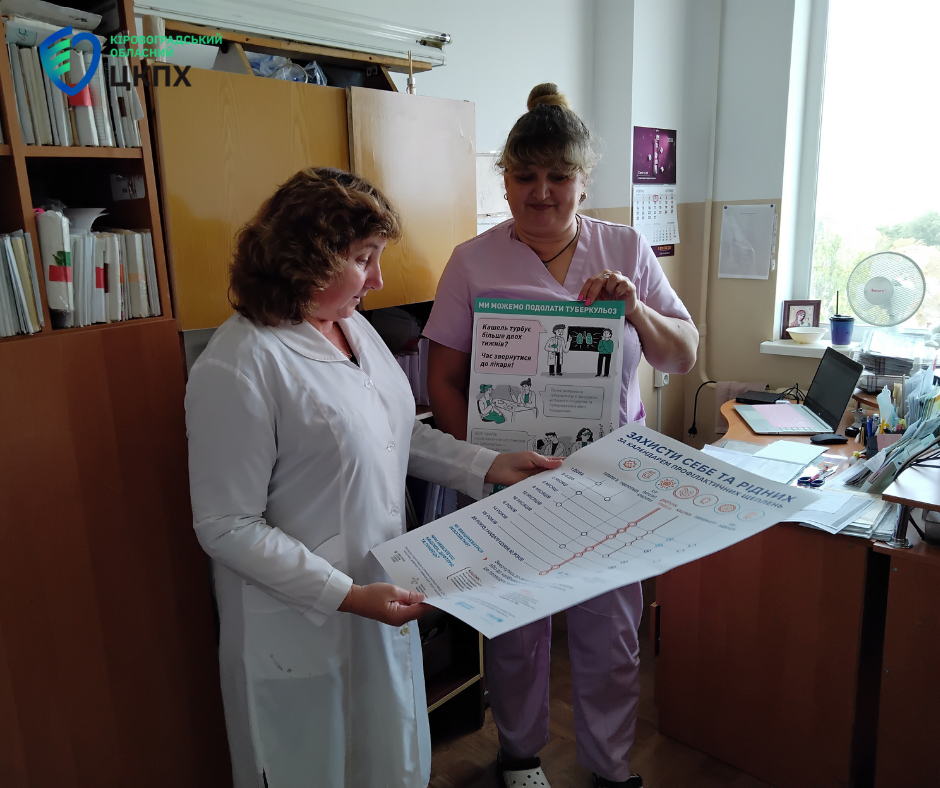 Помічниці лікаря-епідеміолога відділення епідеміологічного нагляду (спостереження) та профілактики інфекційних хвороб Олександрійського районного відділу Кіровоградського обласного центру контролю та профілактики хвороб Світлана Авраменко, Маргарита Мамалат та Олена Панченко розповсюдили друковані матеріали: плакати «Ми можемо подолати туберкульоз», лифлети «Туберкульоз – що потрібно знати батькам, щоб зберегти здоров’я своїх дітей».
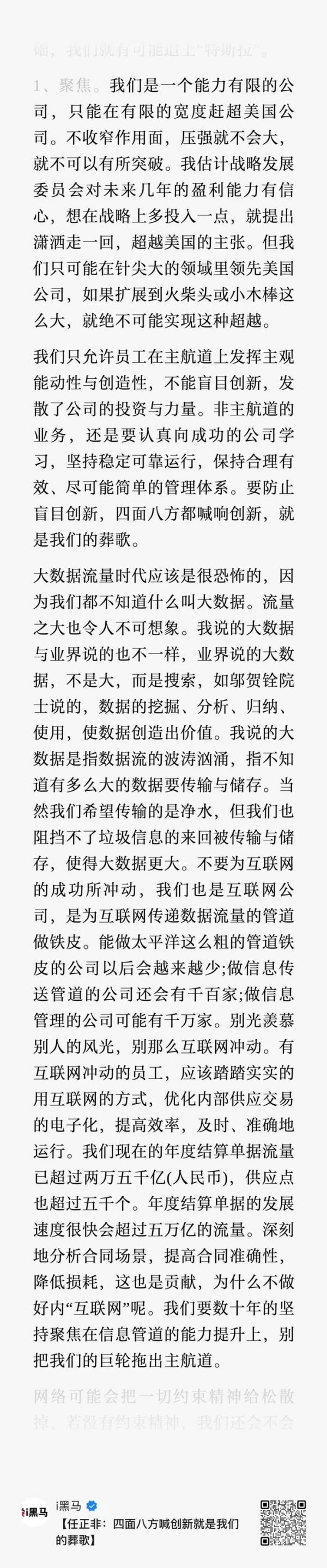 任正非:各个部门都在喊创新,口号太多了,就是华为公司的葬歌
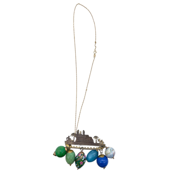 Joias de crioula. Uma pequena penca com balangandãs diversos, encrostados em metal dourado, com feixes e correntes em ouro, para uso como broche ou colar. Século XIX ou início do Século XX. Kg.0,046.
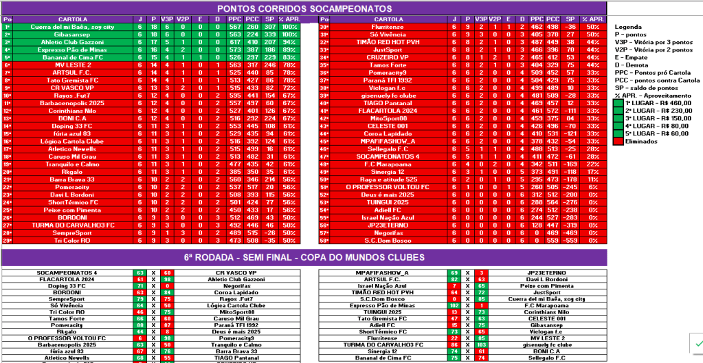 PONTOS CORRIDOS SOCAMPEONATOS – RODADA 6

- _ASSIGNMENT_
Nothing but the lines from the one holding "Joias de crioula." through the last line of the listing should appear in the answer, copied exactly and without pictures.

- _SOLUTION FOR THIS PROBLEM_
 Joias de crioula. Uma pequena penca com balangandãs diversos, encrostados em metal dourado, com feixes e correntes em ouro, para uso como broche ou colar. Século XIX ou início do Século XX. Kg.0,046.
 PONTOS CORRIDOS SOCAMPEONATOS – RODADA 6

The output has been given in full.